* **Material for the task**:
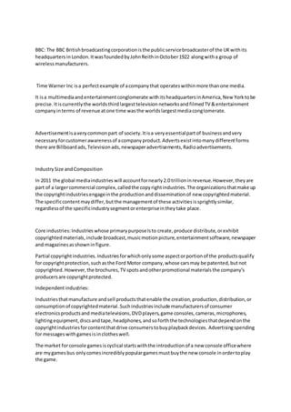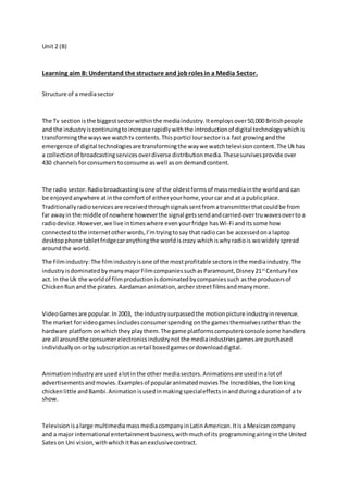 The document provides an overview of different sectors within the media industry, including their structures and job roles. It discusses the television sector as the largest and fastest growing, employing over 50,000 people in the UK. The radio sector is described as one of the oldest mass media forms that can be accessed virtually anywhere. The film industry is dominated by major companies and is very profitable. Other sectors covered include video games, animation, and publishing. Common characteristics across the different media sectors are that they are sensitive to technological changes, operate globally and locally, and create both information and entertainment.
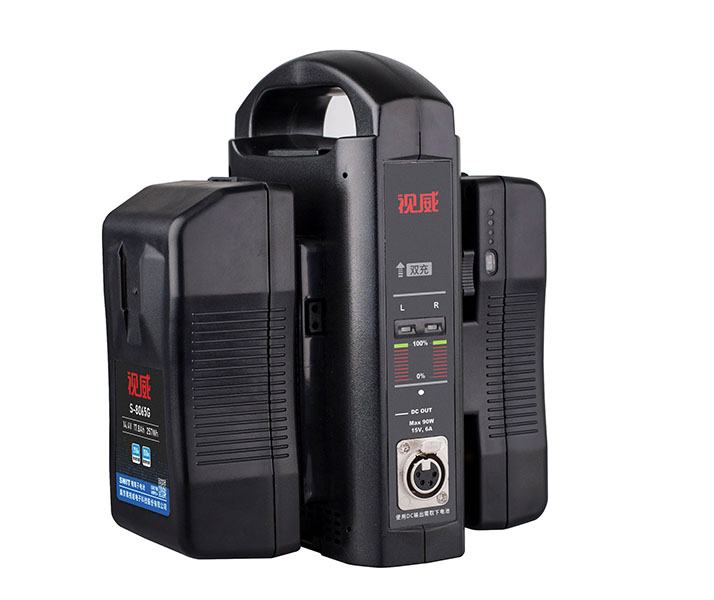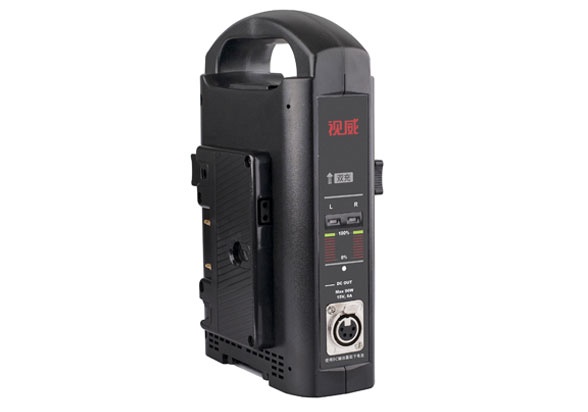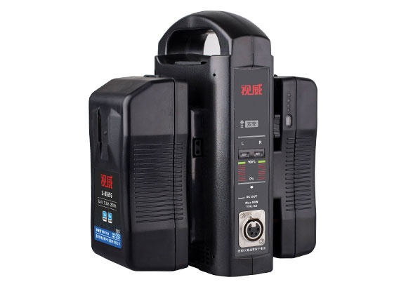 便携式充电器SC-3230G具有2个安顿型扣板,可供2个V字型电池同时充电,充电输出为DC 16.8V,3A×2。
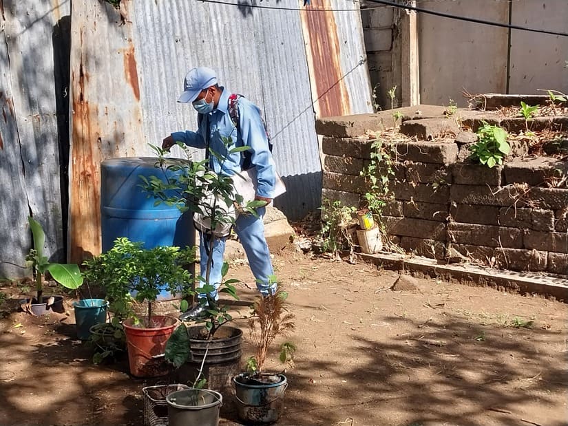 “Nosotros realizamos tres acciones básicas; aplicación del abate que tiene una efectividad de 60 días en pilas y barriles, destrucción de criaderos y mensaje de concientización para que cada familia no permita en su hogar a los zancudos”, comentó Saldaña.
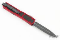 This Makora OTF automatic by Microtech features a black double edge blade. The handle has a black aluminum frame with nonslip inlays. Black stainless steel clip, tip down carry. Dated 05/2004 and 1833 on clip. Comes with original nylon belt sheath. Fires hard. Has some scuffs on the blade and clip, great condition otherwise.
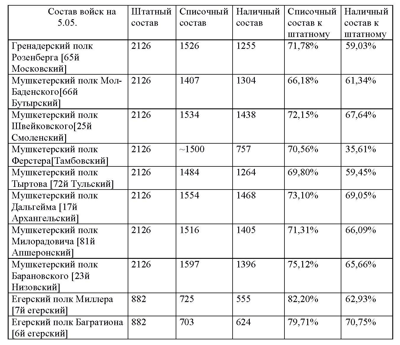 Таблица 13 к статье "База русских полков (1700–1914 гг.). Опыт составления"

* **Activity**: Retype the entries word for word. Omit any images.

* **Answer to this problem**:
 The document provides an overview of different sectors within the media industry, including their structures and job roles. It discusses the television sector as the largest and fastest growing, employing over 50,000 people in the UK. The radio sector is described as one of the oldest mass media forms that can be accessed virtually anywhere. The film industry is dominated by major companies and is very profitable. Other sectors covered include video games, animation, and publishing. Common characteristics across the different media sectors are that they are sensitive to technological changes, operate globally and locally, and create both information and entertainment.
 便携式充电器SC-3230G具有2个安顿型扣板,可供2个V字型电池同时充电,充电输出为DC 16.8V,3A×2。
 “Nosotros realizamos tres acciones básicas; aplicación del abate que tiene una efectividad de 60 días en pilas y barriles, destrucción de criaderos y mensaje de concientización para que cada familia no permita en su hogar a los zancudos”, comentó Saldaña.
 This Makora OTF automatic by Microtech features a black double edge blade. The handle has a black aluminum frame with nonslip inlays. Black stainless steel clip, tip down carry. Dated 05/2004 and 1833 on clip. Comes with original nylon belt sheath. Fires hard. Has some scuffs on the blade and clip, great condition otherwise.
 Таблица 13 к статье "База русских полков (1700–1914 гг.). Опыт составления"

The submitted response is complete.